Pagalungan Mayor Salik Mamasabulod had asked MinDA to consider his town as the site of the MinDA Vegetable Derby, a season-long on-site demonstration and technology transfer of modern vegetable farming.
Pagalungan, one of the oldest towns in Central Mindanao, is the ancestral home of Cotabato’s most beloved Governor,
the late Datu Udtog Matalam, who governed an Empire Province which has now been divided into six provinces - North Cotabato, South Cotabato, Sultan Kudarat, Saranggani, Maguindanao Norte and Maguindanao Sur.
What makes Pagalungan historically significant is the fact that it was in the town where the Mindanao Independence Movement was organized by Governor Matalam a few months after the Jabidah Massacre in 1968.
The MIM is believed to have influenced the organization of the Moro National Liberation Front with Nur Misuari as one of the prominent rebel leaders. Pagalungan is also the hometown of the late Ustadz Hashim Salamat, founder of the Moro Islamic Liberation Front which split from the MNLF and recently forged a peace agreement with the government.
The soil of Pagalungan is alluvial and very fertile but the farming system has remained primitive with farmers suffering from the perrenial flooding due to the backflow of water from the marsh during the rainy season.
Layog is inhabited by a mix of native Maguindanaos and Ilocano settlers some of whom came to the area before World War II.
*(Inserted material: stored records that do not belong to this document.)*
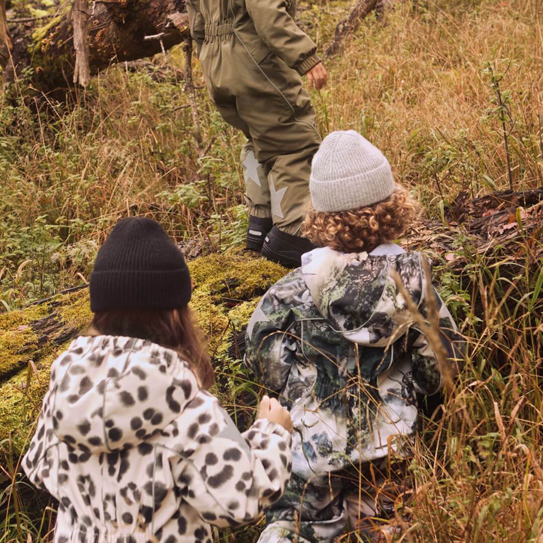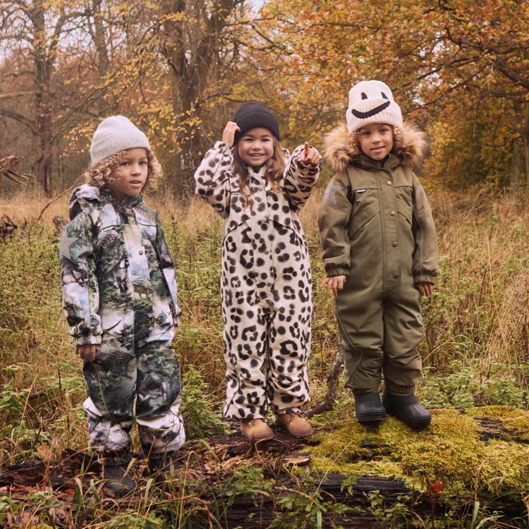 • Bei der Oberbekleidung steht die Funktionalität im Vordergrund, mit praktischen Details wie Stiefelriemen, abnehmbarer Kapuze, verstellbarem Innenkordelzug und zusätzlichem Fleecefutter – alles sorgfältig für optimale Leistung und Komfort konzipiert. Darüber hinaus ist die gesamte Oberbekleidung mit großen Reflektoren und/oder reflektierenden Paspeln ausgestattet, die dafür sorgen, dass Ihr Kind im Dunkeln sichtbar ist.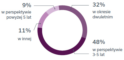 Zdecydowana większość przedsiębiorstw (blisko 90%) nie przekracza pięcioletniego horyzontu czasowego planowania strategicznego. Przykuwa uwagę relatywnie wysoki odsetek odpowiedzi wskazujących na okres 3-5 lat, na taki horyzont wskazała blisko połowa respondentów.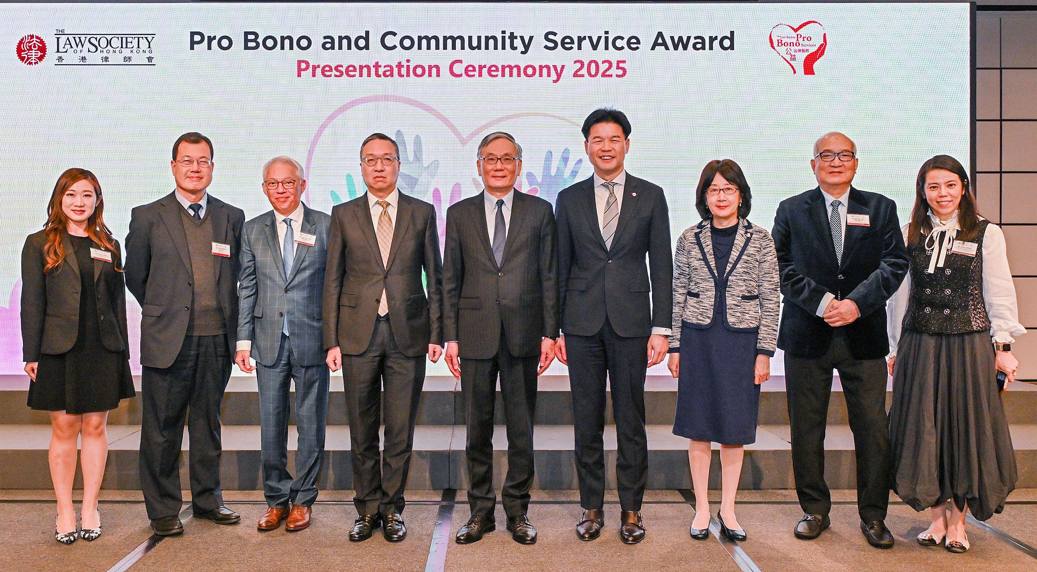 私隱專員鍾麗玲(右三)出席2025年公益法律服務及社區工作頒獎典禮擔任頒獎嘉賓,並與終審法院首席法官張舉能, GBM(中)、律政司司長林定國, GBS, SC, JP(左四)、律師會會長湯文龍(右四)及其他嘉賓合照。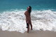 взрослая милашка оголилась перед фотокамерой на пляже на фоне волн демонстрируя свою стройную фигурку с большими сиськами.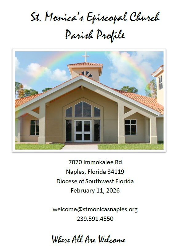 St. Monica’s history begins in 1991 when it was formed as a mission of St. John’s Episcopal Church and the Naples Deanery. St. Monica’s first worship services were held in the community room of the North Collier Hospital and then in an office building near Valewood Drive and Immokalee Road.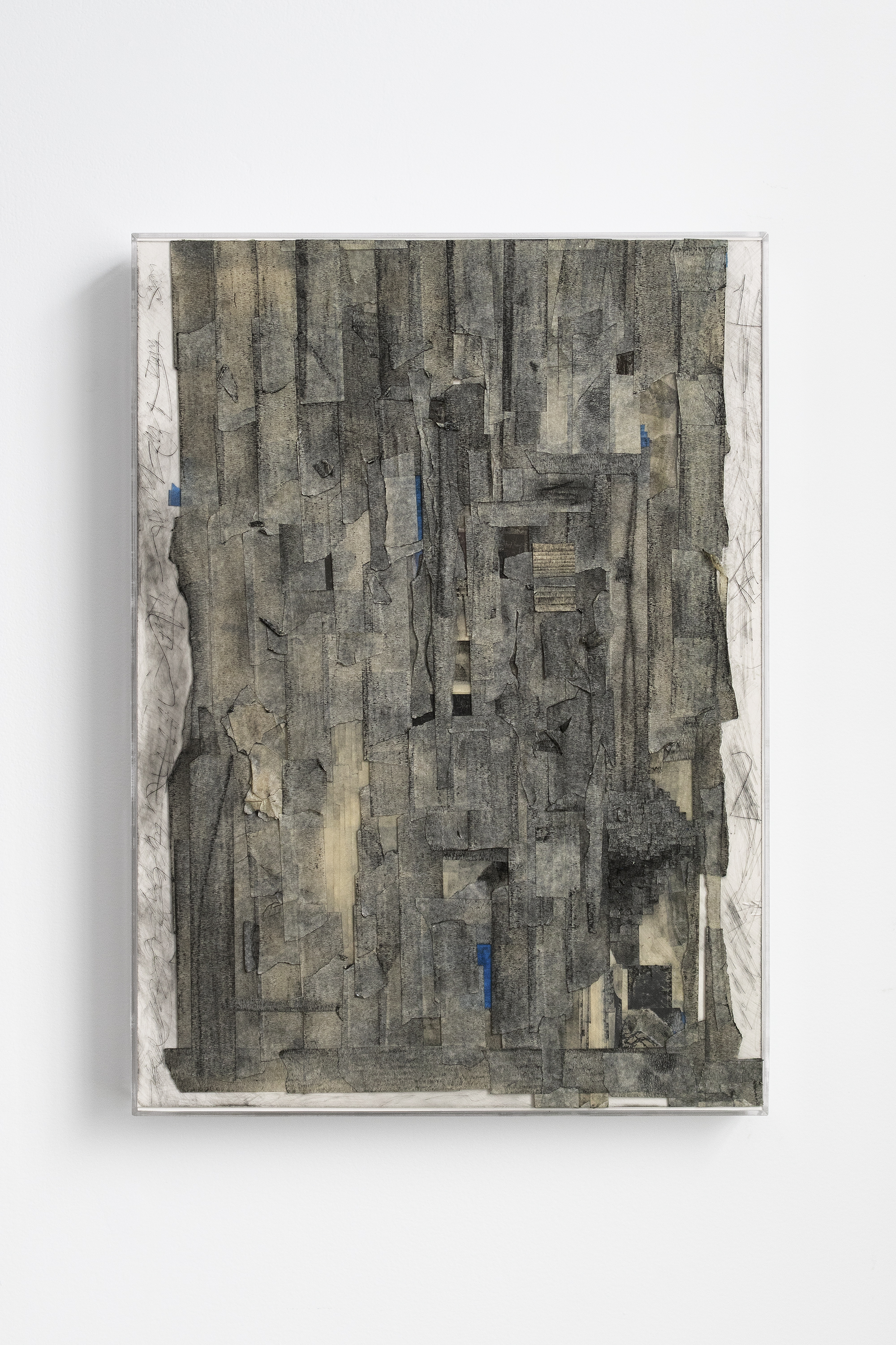 tracing paper, grey lead pencil, charcoal, staples, archival masking tape, clear embossed tape, ink, glue and cotton thread on glossy paper, artist frame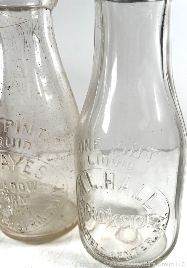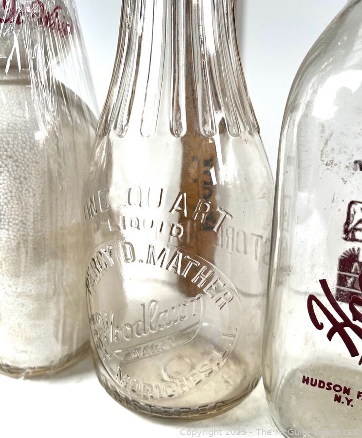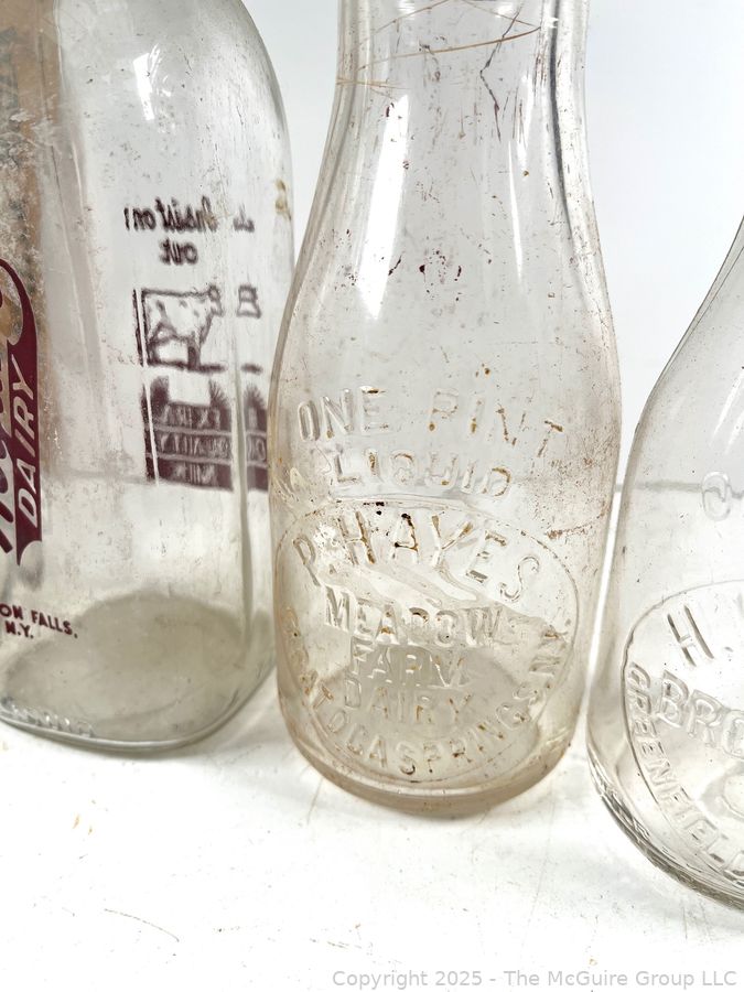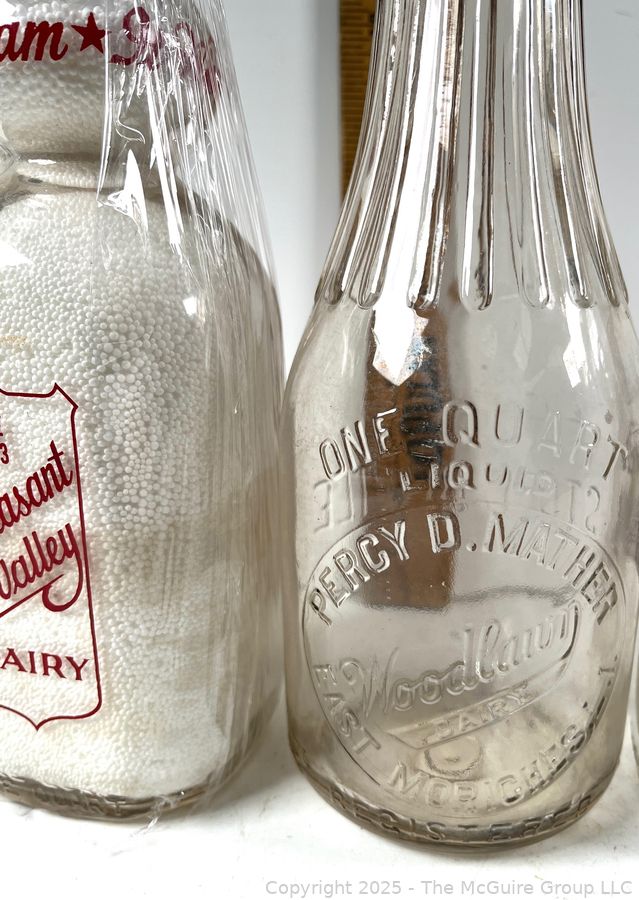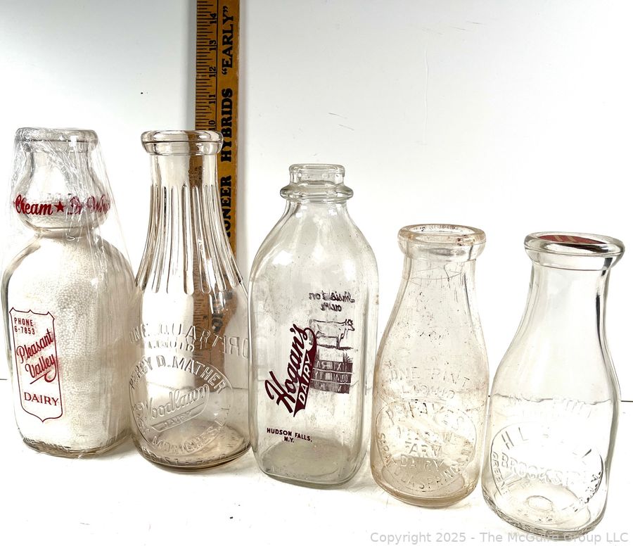 Lot #0941RM: Group of Five (5) Glass Milk Bottles Including Pleasant Valley, Hogan's and Percy Mather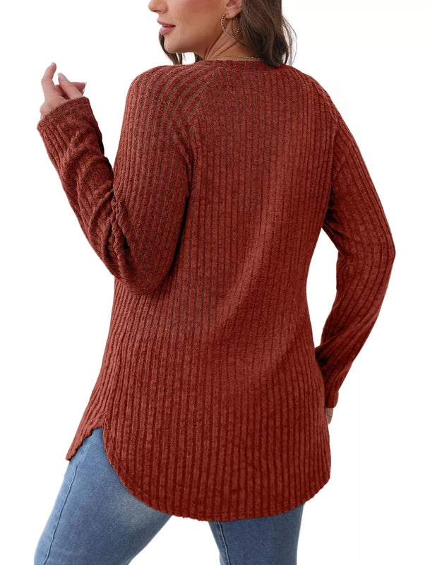 Casual ribbed knit long sleeve tee - elevate your style effortlessly!

Next month, August, the country’s top vegetable seed companies will
gather in Layog for the season-long MinDA Vegetable Derby.
The vegetable varieties which would be propagated during the activity belong to the so-called “Pinakbet” Group which includes Eggplants, Okra, Stringbeans, Squash, Tomatos and other lowland vegetables.
At the end of the Vegetable Derby, outstanding farmers will be awarded with prizes along with their partner seed companies while buyers of the “Pinakbet” vegetables will be invited to forge marketing agreements with the farmers.
The modern-day Pagalungan could yet prove to be the base of a new brand of revolution, one which would transform the town into a model of science-based farming system which could address poverty and improve productivity.
This is all because there are workers of government who could cross rivers, climb mountains and walk the long rugged roads just to serve.